Воскресенье у меня было свободным, а вот Зак сначала играл в софтбол, а потом встречался с издателем какого-то журнала, приехавшим из Нью-Йорка. (Зак любил повторять, что издатели без колебаний просят пишущего человека поработать в выходной: они считают, что у этих сочинителей и так каждый день – выходной.) Я решила взять к себе Хэтти и переделать дела, до которых давно руки не доходили: затовариться продуктами на голливудском фермерском рынке и покрыть лаком чудесный туалетный столик от «Хейвуд-Уэйк-филд», купленный мной на толкучке. Этот столик я собиралась подарить Брин па новоселье – если, конечно, когда-нибудь снова ее увижу.
Я хотела хоть чем-то заполнить свободное время, чтобы не скучать, но, пробираясь мимо прилавков с козьим сыром и тепличными огурцами, неожиданно поняла, что просто наслаждаюсь жизнью. На голливудском фермерском рынке царила яростная конкуренция. По воскресеньям сюда стекались все окрестные металлисты-гастролеры, безработные режиссеры, пародийные танцоры, дерганые сценаристы, замученные драматурги и бывшие торговцы наркотиками, переквалифицировавшиеся в инструкторов по йоге.
Зак несколько раз звонил мне на сотовый. Только мне почему-то не хотелось отвечать. Телефон трезвонил, пока не включалась голосовая почта.
Вернувшись домой, я положила продукты в холодильник, еще раз покрыла лаком столик, мурлыча себе под нос, приняла душ, поела, погуляла с Хэппи и начала прибираться. Сквозь вой пылесоса иногда пробивались телефонные звонки. Это был Зак. Наверное, уже распрощался с редактором и хотел узнать, что я делаю. Но мне не хотелось брать трубку. Я так давно не была у себя дома, что даже успела по нему соскучиться. Это напоминало встречу со старым другом.
Когда последняя пылинка исчезла в брюхе пылесоса, было только девять часов. «Повязать, что ли?» – подумала я и тут же вспомнила о несостоявшихся посиделках с Брин. Неожиданно я поняла, что очень на нее обижена. Я отправилась на кухню. Может, позвонить ей и потребовать объяснения? Я сняла трубку, и тут мой взгляд упал на приглашение Мэй, лежавшее поверх стопки неоплаченных счетов. Вот что там было написано:
«Не тормози!
Поддержи группу «Раднесс»! В клубе «Эхо»,
в воскресенье, в 10часов вечера – бесплатный концерт!»

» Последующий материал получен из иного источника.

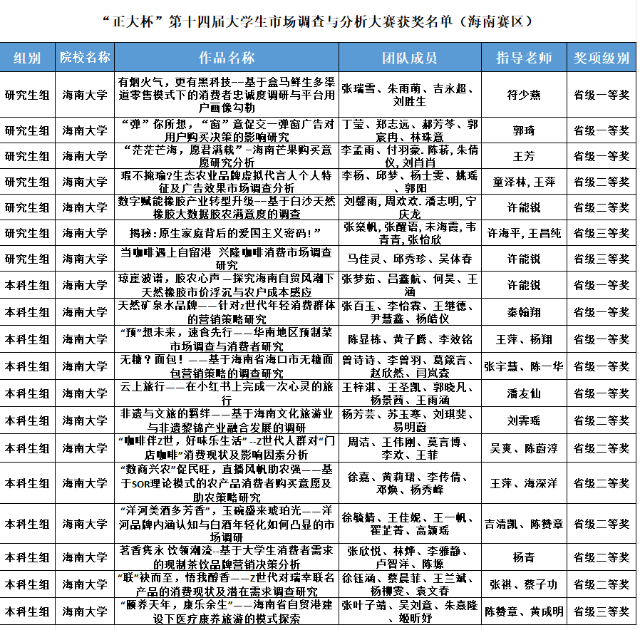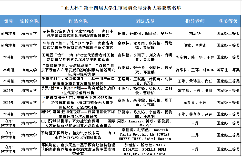 荣获多个奖项,其中,研究生组获国家级二等奖1项,三等奖1项,海南赛区一等奖3项,二等奖2项,三等奖2项;本科生组获国家级一等奖2项,二等奖1项,三等奖4项,海南赛区一等奖5项,二等奖6项,三等奖1项;在华留学生组国家级一等奖1项,二等奖2项的优秀成绩。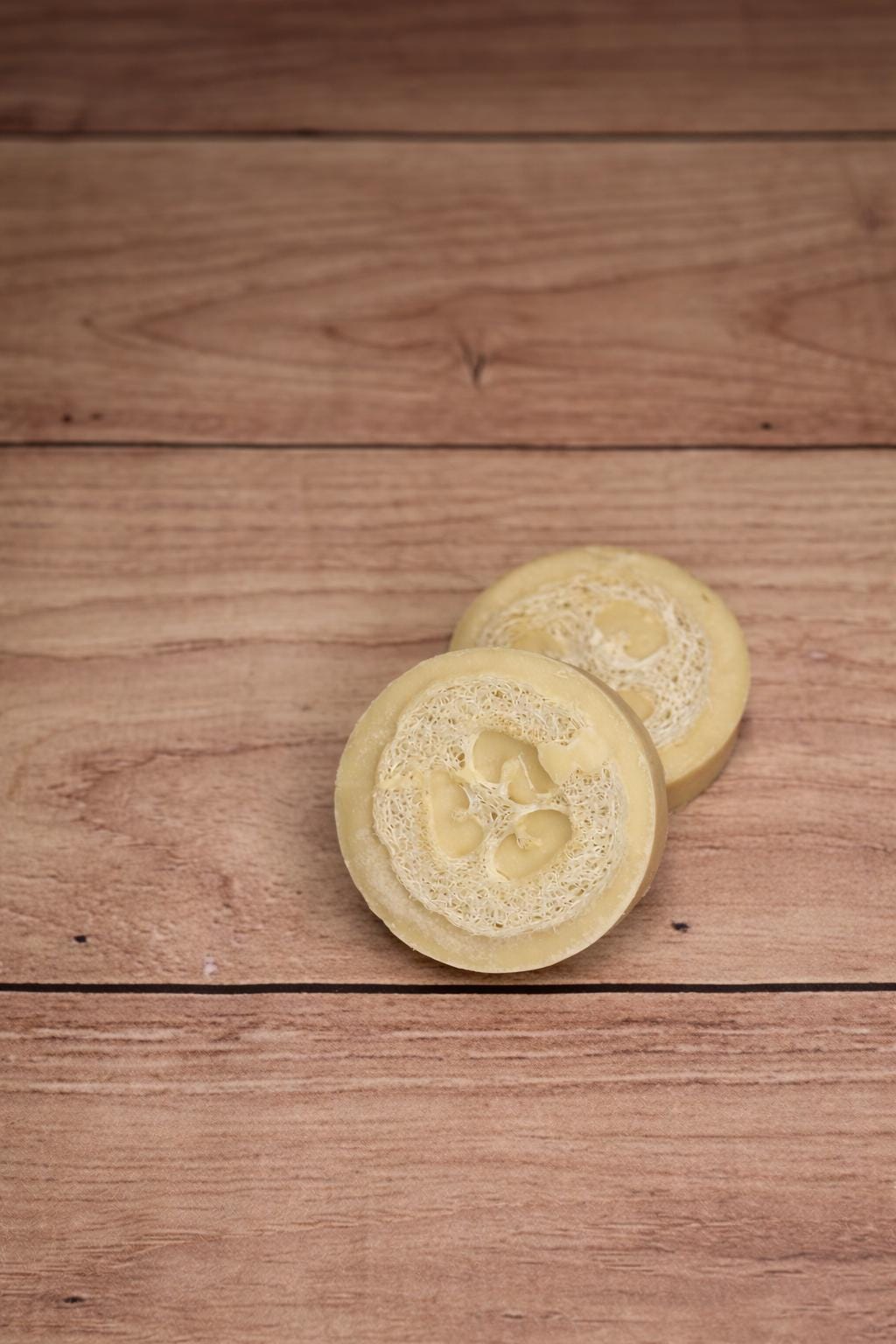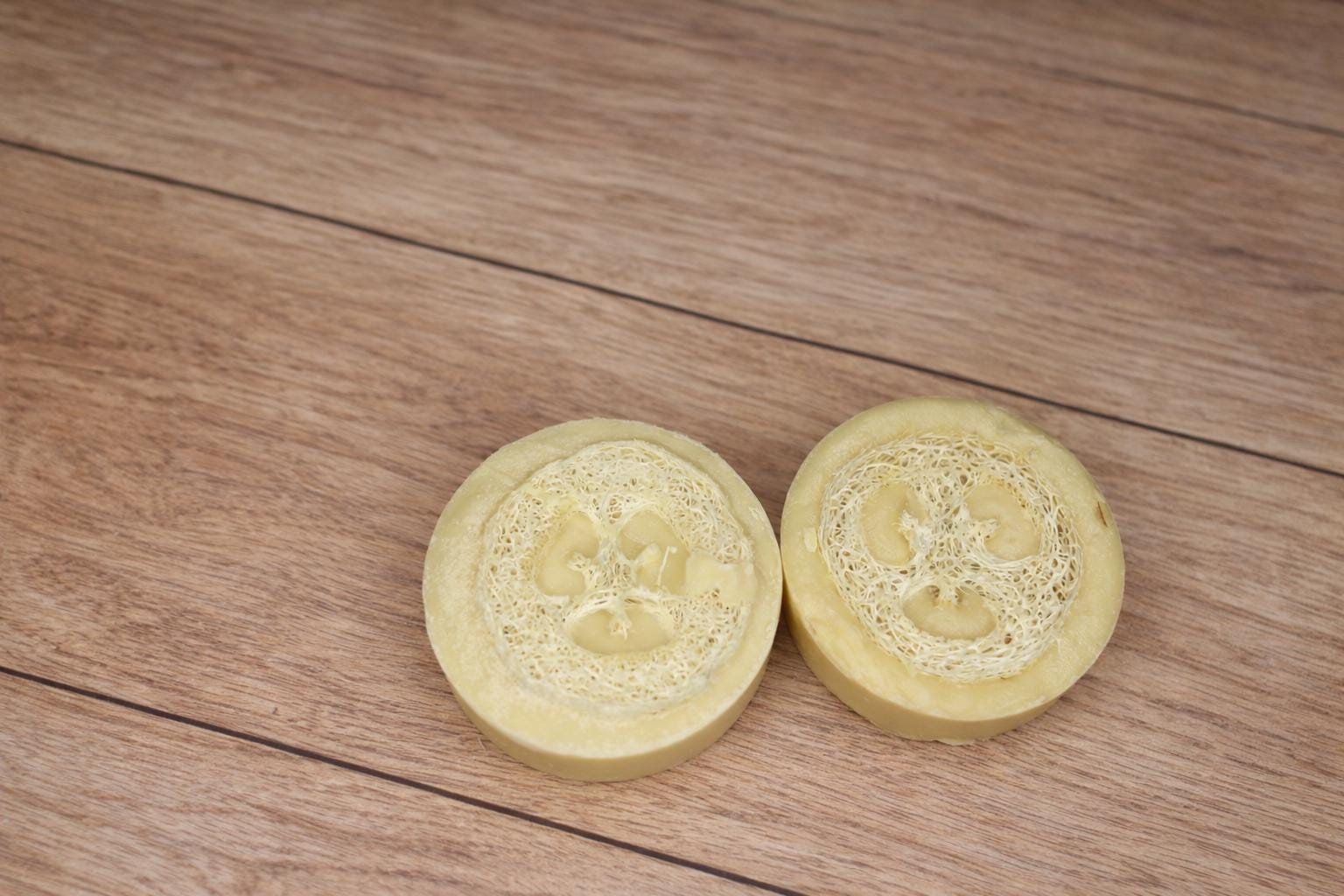 Exfoliating loofah bar made with real honey (honey orange blossom scent).

Я вернула трубку на место и взглянула на часы: если не переодеваться, как раз успеваю. Когда на прошлой неделе Мэй вручила мне этот флайер, я сказала, что скорее всего прийти не смогу, объяснив это тем, что у меня много дел.
Я схватила черный свитер и отправилась разыскивать сумочку.
Войдя в «Эхо», я с удивлением подумала, что уже несколько месяцев никуда не ходила по вечерам, за Исключением ужинов с Заком. Клуб был битком набит – в основном люди от двадцати семи до тридцати трех, в одежде кричащих цветов, словно они хотели этим сказать: «Пестрые платья и боты – это не бред, это прикольно!» Я одернула свитер и пожалела, что так просто оделась.
Интерьер клуба оставлял желать лучшего: стены выкрашены в какой-то синюшный цвет, потолки для улучшения акустики покрыты специальной облицовкой. Вокруг стойки бара, обитого черной кожей, в три ряда толпились люди. Иногда из толпы высовывалась чья-нибудь голова и орала приятелю: «Ты чего будешь?!» На маленькой сцене уже находились барабаны, электрогитара, бас-гитара и пианино. Концерт еще не начался, но сверху из динамиков уже грохотал рок.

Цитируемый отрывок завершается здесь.